问题
I have unsuccessfully tried to do the task described below, so any help will be much appreciated.
The largest table below contains data of quota ownership of fishers (and other variable, ’cpue’) across the time. I categorized fishers according the number of quotas that they own (‘category’). Fishers may increase or reduce the number of owned quotas; therefore, their ownership category also may change. I need extract the information every time when fishers change their ownership. It is the row of the year before when the number of quota was already increased or decreased. For instance, if the number of quotas was 20 and 45 during the years 2000 and 2001 respectively, I need the information (row) of the year 2000. Additionally, I need a new column with a category to indicate amongst what ownership levels fishers are moving.

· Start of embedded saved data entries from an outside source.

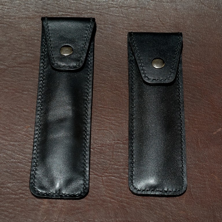 Но оборудования у меня нет, а несколько бритв без домов есть, что не очень хорошо. Увидел на "Авито" кожаный чехол, сработанный в Англии, подумал, что и мы такое можем, ну и.. Вот. Кнопки с бритвой не контачат, в одном чехле приклеена вставка изнутри , а в другом кнопка вообще вынесена на накладку. Мне нравится -))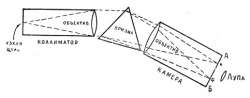 Они показывают, что если не принимать во внимание Плутона, о котором мы знаем еще очень мало, то планеты по диаметру, массе и плотности резкоразделяются на две группы. Меркурий, Венера и Марс мало отличаются от Земли, их называют земноподобными. Последние четыре планеты — планеты-гиганты, они очень велики, имеют большие массы и малую плотность. Время вращения вокруг оси у планет-гигантов значительно короче, чем у земноподобных планет. К тому же Юпитер и Сатурн вращаются не как твердое тело, а по поясам: чем дальше от экватора, тем вращение медленнее. Это показывает, что мы наблюдаем не твердую поверхность Юпитера и Сатурна, а их атмосферы. Массы планет-гигантов во много раз больше массы Земли. Например, масса Урана — почти в 15 раз, Нептуна — в 17, Сатурна — в 95, а Юпитера — в 318. Юпитер обладает мощной силой притяжения и может удерживать вокруг себя даже очень легкие газы. Плотность же планет-гигантов лишь немного больше, чем плотность воды, а у Сатурна даже меньше. Поскольку нам известно очень мало твердых или жидких веществ, обладающих столь малой плотностью, мы можем предполагать, что внешние слои планет-гигантов газообразны или же состоят из очень легких веществ. А значит, атмосферы их достигают громадной толщины в десятки тысяч километров. Изучать физические и химические свойства атмосфер мы можем, пользуясь методом спектрального анализа. Заключается он в следующем. Если мы пропустим свет Солнца через стеклянную призму, то он разложится на составные части в виде цветной полосы, называемой спектром. Спектр по своему строению похож на радугу с более отчетливо разделенными цветами. Солнечные лучи, идущие от наблюдаемой планеты, прежде чем попасть в глаз наблюдателя, дважды проходят через ее атмосферу: падая на планету и затем отражаясь от поверхности. При этом атмосфера частично поглощает некоторые из солнечных лучей, потому что каждый из газов, которые ее составляют, поглощает только вполне определенные лучи, что выражается темными линиями в соответствующих местах спектра. По этим линиям можно судить о природе газа. Следовательно, по спектру можно узнать, через какие газы прошел свет Солнца и планет. А это дает возможность выяснить, из каких газов состоит атмосфера Солнца и планет. На следующей странице приведена схема спектроскопа — прибора, который дает возможность определять, какие лучи поглотила атмосфера. В трубку, называемую коллиматором, вставлен объектив, в главном фокусе которого находится узкая щель (на схеме щель перпендикулярна к плоскости чертежа). Перед щелью помещается источник испытуемого света или изображение небесного светила, даваемое астрономической трубой. Из объектива выходит параллельный пучок света и падает на призму. Она разлагает свет на составные цвета, которые по выходе из призмы еще больше расходятся и попадают в объектив камеры. Этот объектив собирает каждый одноцветный пучок света в своем фокусе на плоскости «АБ». Например, красные лучи собираются в точке «К», фиолетовые — в точке «Ф». Полученный спектр можно рассматривать через лупу. Вставив в камеру кассету с фотопластинкой, получим спектрограф, применяемый для фотографирования спектра.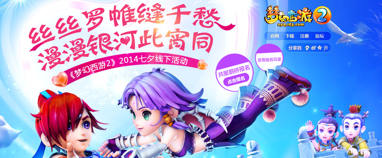 报名时间内,《梦幻西游2》游戏中的夫妻账号可在专题页面点击“共聚鹊桥”进行报名。
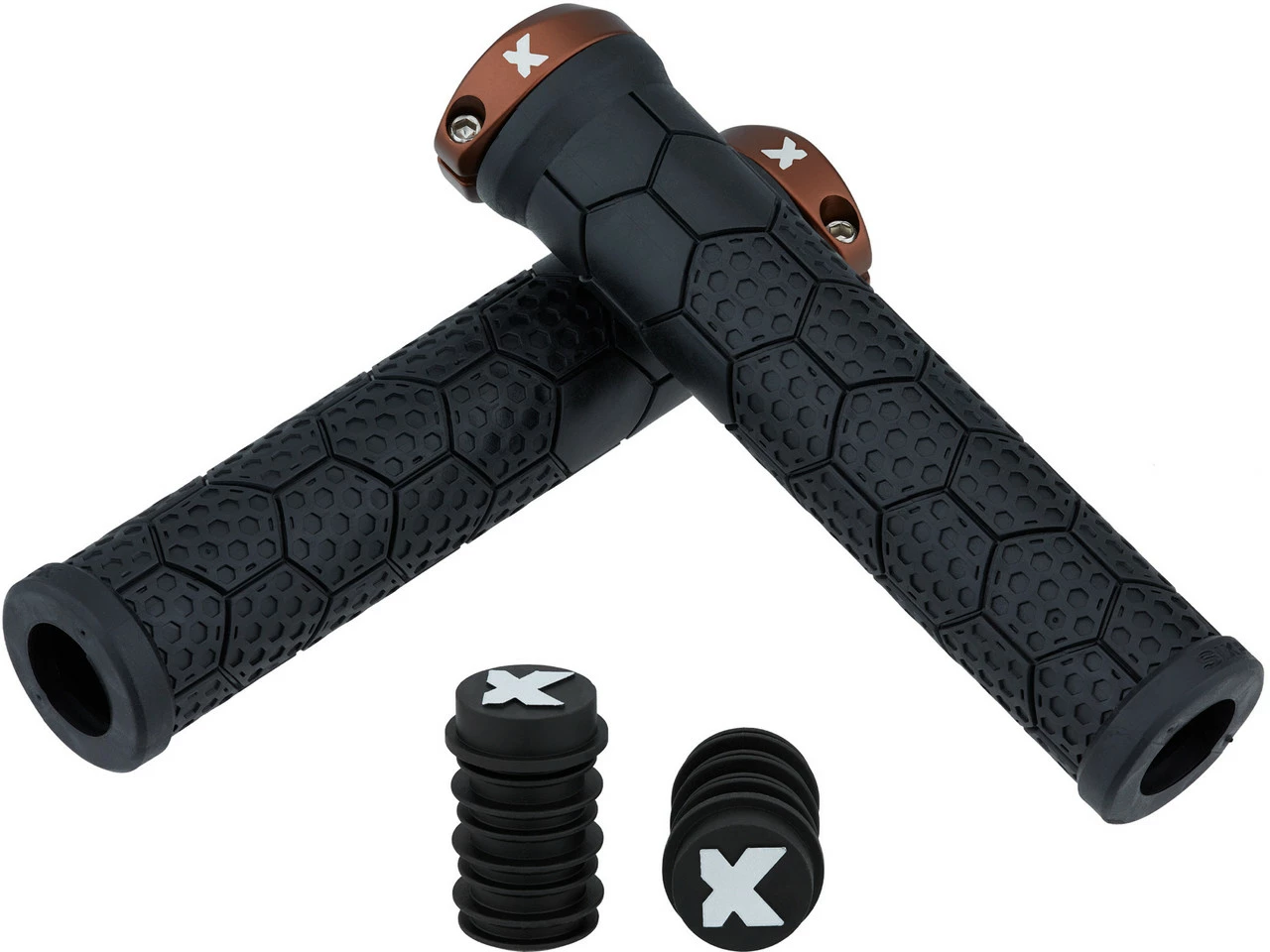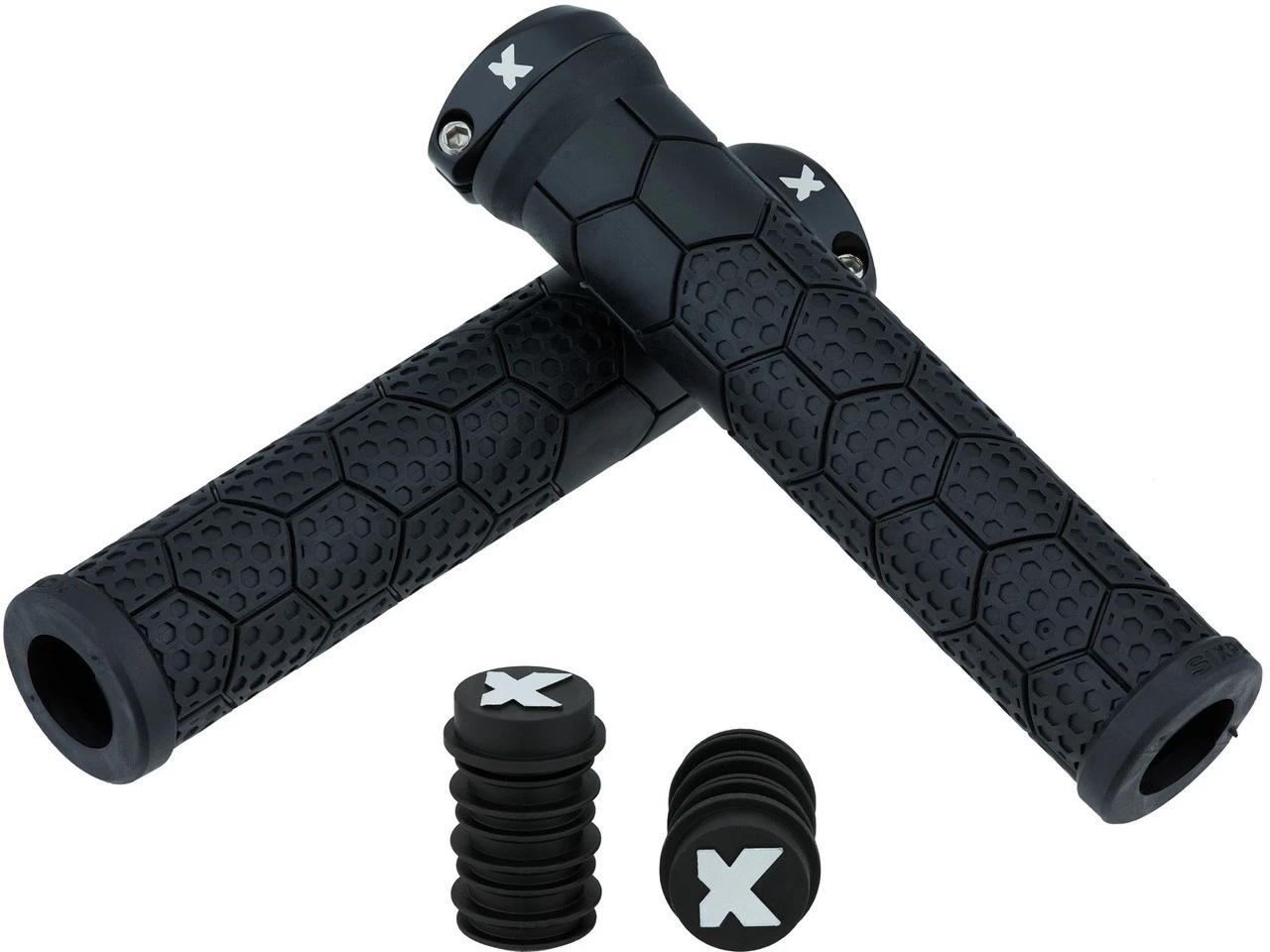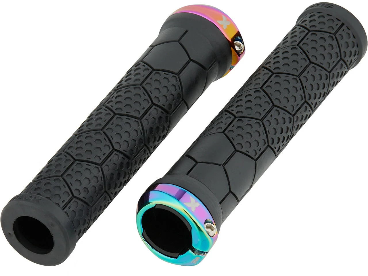 Die schmaleren Z-Trix AL Lenkergriffe von Sixpack Racing mit Wabenprofil und Aluminium-Klemmring

The second table below shows the new data frame that I need create with the extracted rows.
My data:
ID fisher year qtty category cpue
1 1 1998 13 1 0.5994452
2 1 1999 13 1 0.6176183
3 1 2000 13 1 0.6871764
4 1 2001 20 2 0.3228005
5 1 2002 20 2 0.6505336
6 1 2003 20 2 0.8615834
7 1 2004 20 2 0.6871764
8 1 2005 20 2 0.7469739
9 1 2006 20 2 0.7380952
10 1 2007 45 3 0.7516396
11 1 2008 45 3 0.6808454
12 1 2009 45 3 0.6734158
13 1 2010 45 3 0.70367
14 1 2011 45 3 0.5434572
15 1 2012 45 3 0.6181238
16 2 2000 50 3 0.5191856
17 2 2001 50 3 0.6098226
18 2 2002 50 3 1.0018519
19 2 2003 50 3 1.2049724
20 2 2004 50 3 0.5857708
21 2 2005 10 1 0.6744186
22 2 2006 10 1 0.8123333
23 2 2007 10 1 0.3228005
24 2 2008 10 1 0.6505336
25 2 2009 10 1 0.8615834
26 2 2010 0 4 0
27 3 1998 25 2 0.7469739
28 3 1999 25 2 0.7380952
29 3 2000 25 2 0.7516396
30 3 2001 25 2 0.6808454
31 3 2002 10 1 0.6734158
32 3 2003 10 1 0.70367
33 3 2004 10 1 0.5434572
34 3 2005 10 1 0.6181238
35 3 2006 45 3 0.4698849
36 3 2007 45 3 1.0714286
37 3 2008 45 3 1.242439
38 3 2009 45 3 1.0614261
39 3 2010 45 3 0.9761391
40 3 2011 45 3 1.0041898
41 3 2012 45 3 0.9429851
42 4 2005 45 3 0.9310958
43 4 2006 50 3 0.8932985
44 4 2007 50 3 0.7867613
45 4 2008 20 2 0.7994713
46 4 2009 20 2 0.9368927
47 4 2010 10 1 0.8123333
48 4 2011 0 4 0
49 5 1998 20 2 0.4698849
50 5 1999 20 2 1.0714286
51 5 2000 20 2 1.242439
52 5 2001 20 2 1.0614261
53 5 2002 20 2 0.9761391
54 5 2003 20 2 1.0041898
55 5 2004 20 2 0.7469739
56 5 2005 0 4 0.7380952
57 6 2000 55 3 0.7516396
58 6 2001 55 3 0.6808454
59 6 2002 55 3 0.6734158
60 6 2003 55 3 0.6505336
61 6 2004 55 3 0.8615834
62 6 2005 55 3 0.6871764
63 6 2006 55 3 0.6181238
64 6 2007 0 4 0
This is what I need:
ID fisher year qtty category cpue category2
3 1 2000 13 1 0.6871764 1
25 2 2009 10 1 0.8615834 1
34 3 2005 10 1 0.6181238 1
47 4 2010 10 1 0.8123333 1
9 1 2006 20 2 0.7380952 2
30 3 2001 25 2 0.6808454 3
46 4 2009 20 2 0.9368927 3
44 4 2007 50 3 0.7867613 4
20 2 2004 50 3 0.5857708 5
25 2 2009 10 1 0.8615834 6
47 4 2010 10 1 0.8123333 6
55 5 2004 20 2 0.7469739 7
63 6 2006 55 3 0.6181238 8
The ownership categories are 1 (1-15 quotas), 2 (16-40 quotas), 3(>40 quotas) and 4(0 quotas, those who exited the fishery). The new category that I need should show the transition amongst the different ownership categories (e.g. category 1 is the transition from the ownership level 1 to the ownership level 2). Full details in the following table:
From to category2
1 2 1
2 3 2
2 1 3
3 2 4
3 1 5
1 0 6
2 0 7
3 0 8
Thanks!!
回答1:
With data
as your first data frame and cats
as the category table:
> w<-which(diff(data$fisher)==0 & diff(data$category)!= 0)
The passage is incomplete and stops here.